1.2 KiB
Principal Component Analysis in C
The committed files are a fully functioning implementation of the Karhunen–Loève transform (KLT) as defined on Wikipedia, and verified using multiple languages - Python, R and MATLAB. Note. It may be common for libraries to call this algorithm 'covariance', 'eig' or similar to distinguish from the SVD alogrithm or otherwise. The algorithm aims to solve the following system of linear expressions:
\mathbf{Y} = \mathbb{KLT}\{\mathbf{X}\}, \\
\mathbf{C} = \frac{1}{n-1}\mathbf{X}*\mathbf{X}, \\
\mathbf{V}^{-1}\mathbf{C}\mathbf{V} = \mathbf{D}, \\
\mathit{W} \subset \mathit{V}, \\
\mathbf{T} = \mathbf{B} \cdot \mathbf{W}.
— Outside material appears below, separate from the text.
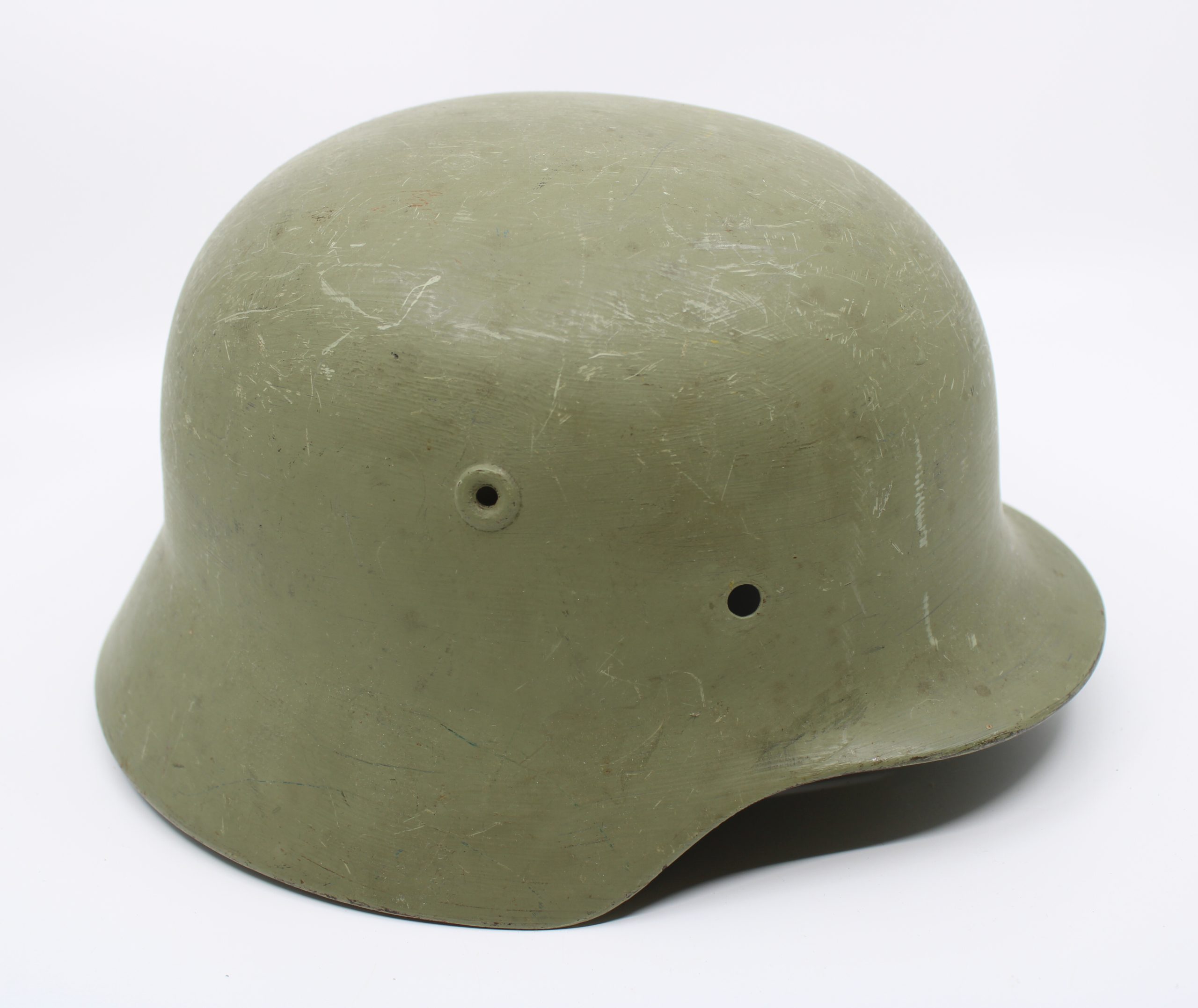 Steel combat helmet, painted in matte olive green, with a distinctive flared rim and sloped sides typical of the German M35 or M40 Stahlhelm design. T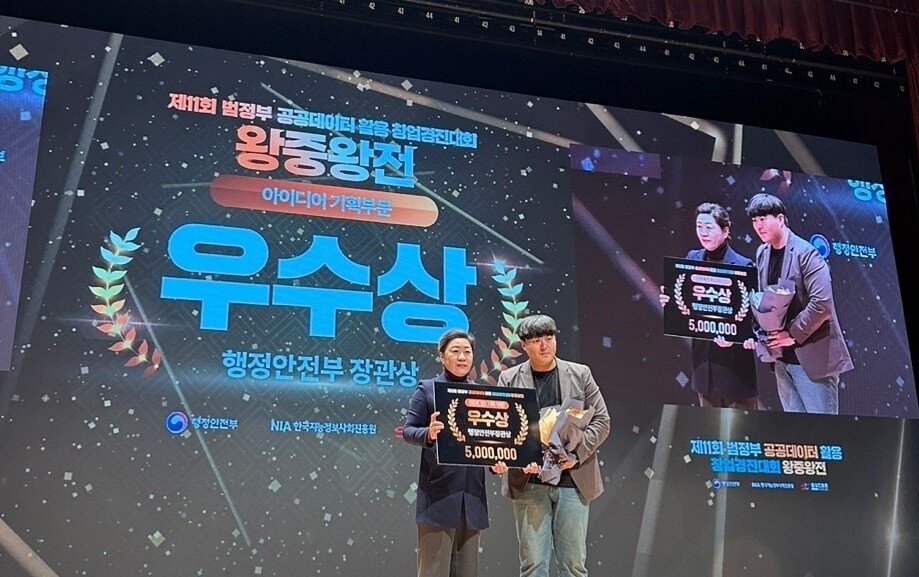 광주시 대표로 출전한 창업기업이 행정안전부 주관 ‘공공데이터 활용 창업경진대회 왕중왕전’에서 광주 최초로 행정안전부 장관상을 수상했다.

The initial dataset \mathbf{X} is reduced in dimensionality by matrix
\mathit{W} which is a subset of eigenvectors, explicitly or intuitively
selected. Matrix \mathbf{T} is the newly reduced data with an explained
variance ratio \lt1.0, though typically very high.
For further information, or if the \LaTeX does not render properly or in full,
see Principal Component Analysis
The source code is built entirely on the GNU GSL (2.7) library, to utilise BLAS optimised functionality.